## Task to carry out
Give back the full listing as written. No pictures go with it.

### Dataset records

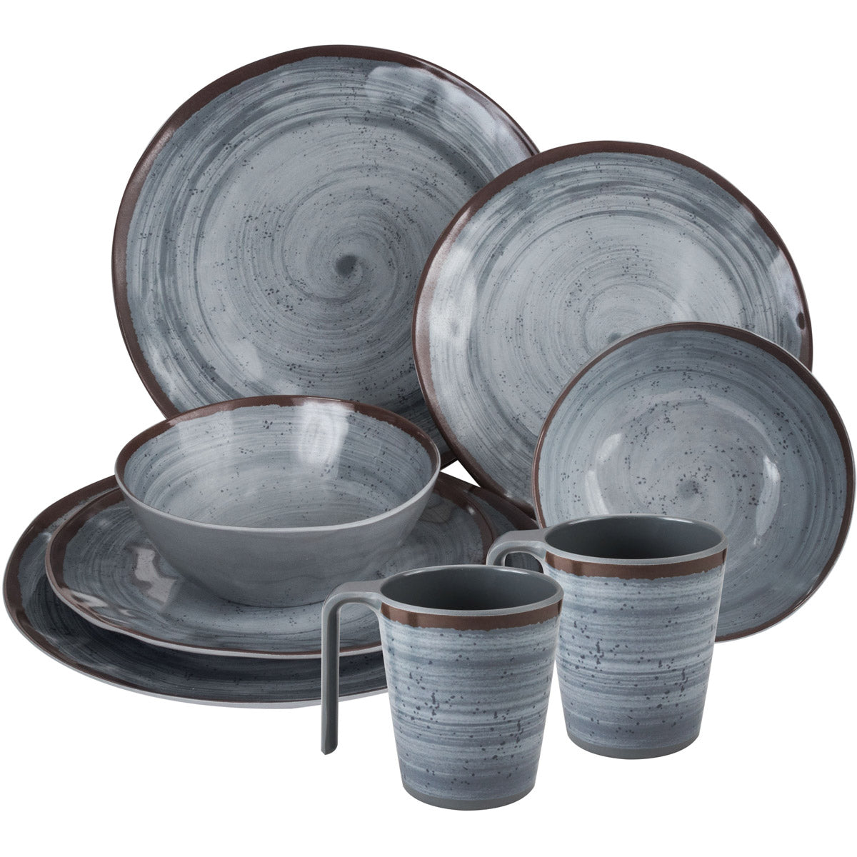 Melamin Geschirr Set für 2 Personen Steingut Optik grau 8 Teile - mit Tellern und Tassen - Campinggeschirr
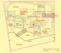 Freehand scaled sketch on onion skin of Plot Plan, buildings and wood “tent.”
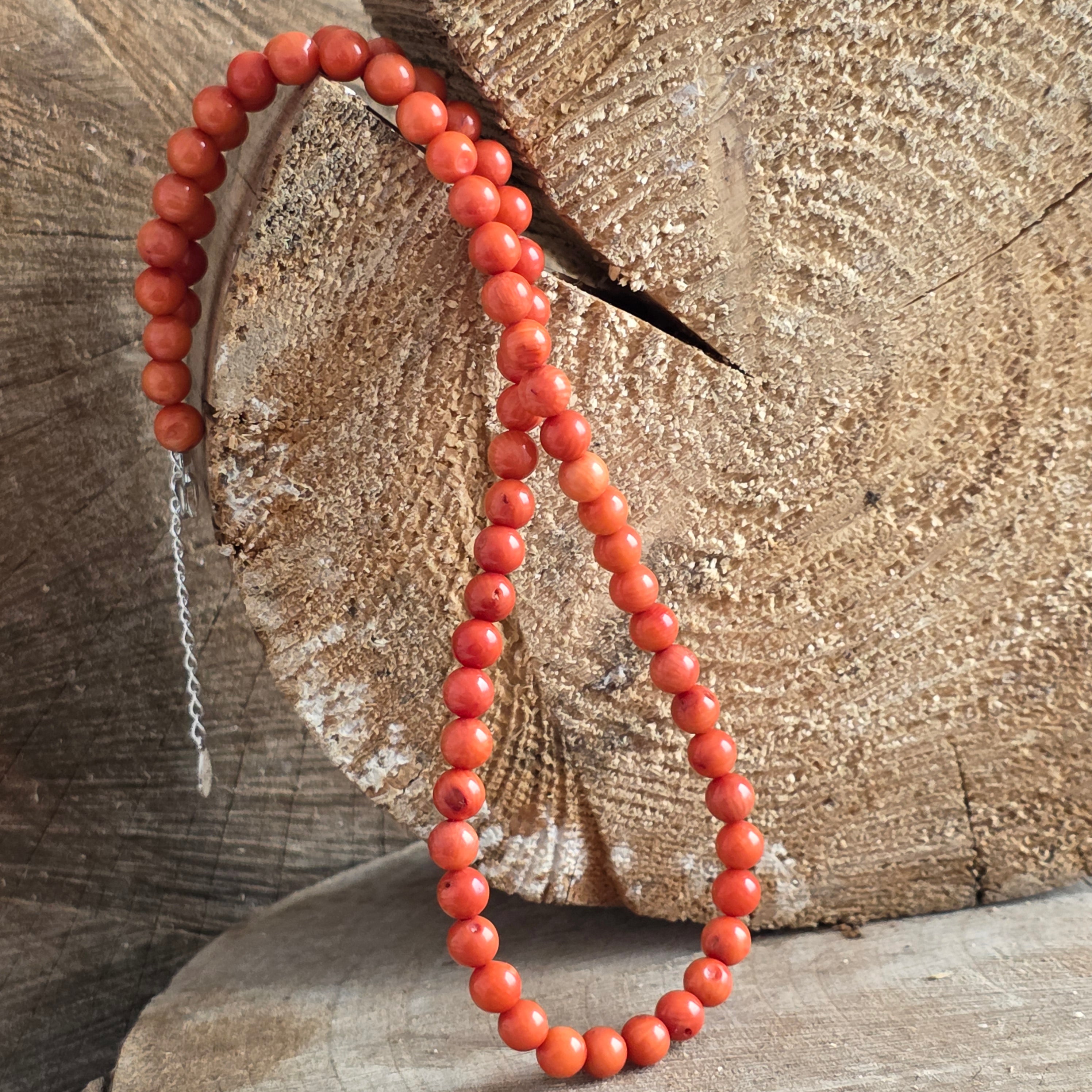 Materiale: coral portocaliu natural, mărgele sferice de 6 mm, argint 925
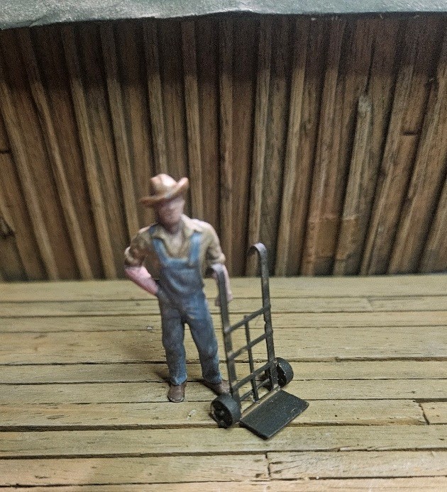 Fourth item is a great little detail part for any shop or loading dock. You get 2 of the Hand Trucks. The Hand Truck measure 1 1/8" tall and 5/8" wide. They are 3d printed and come unpainted.
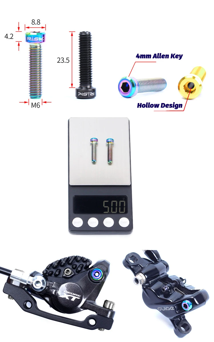 RISK титановые велосипедные тормозные винты болты суппорта для велосипеда гидравлические дисковые тормозные болты масленые Сверхлегкие MTB винты

######

## Your solution
 Melamin Geschirr Set für 2 Personen Steingut Optik grau 8 Teile - mit Tellern und Tassen - Campinggeschirr
 Freehand scaled sketch on onion skin of Plot Plan, buildings and wood “tent.”
 Materiale: coral portocaliu natural, mărgele sferice de 6 mm, argint 925
 Fourth item is a great little detail part for any shop or loading dock. You get 2 of the Hand Trucks. The Hand Truck measure 1 1/8" tall and 5/8" wide. They are 3d printed and come unpainted.
 RISK титановые велосипедные тормозные винты болты суппорта для велосипеда гидравлические дисковые тормозные болты масленые Сверхлегкие MTB винты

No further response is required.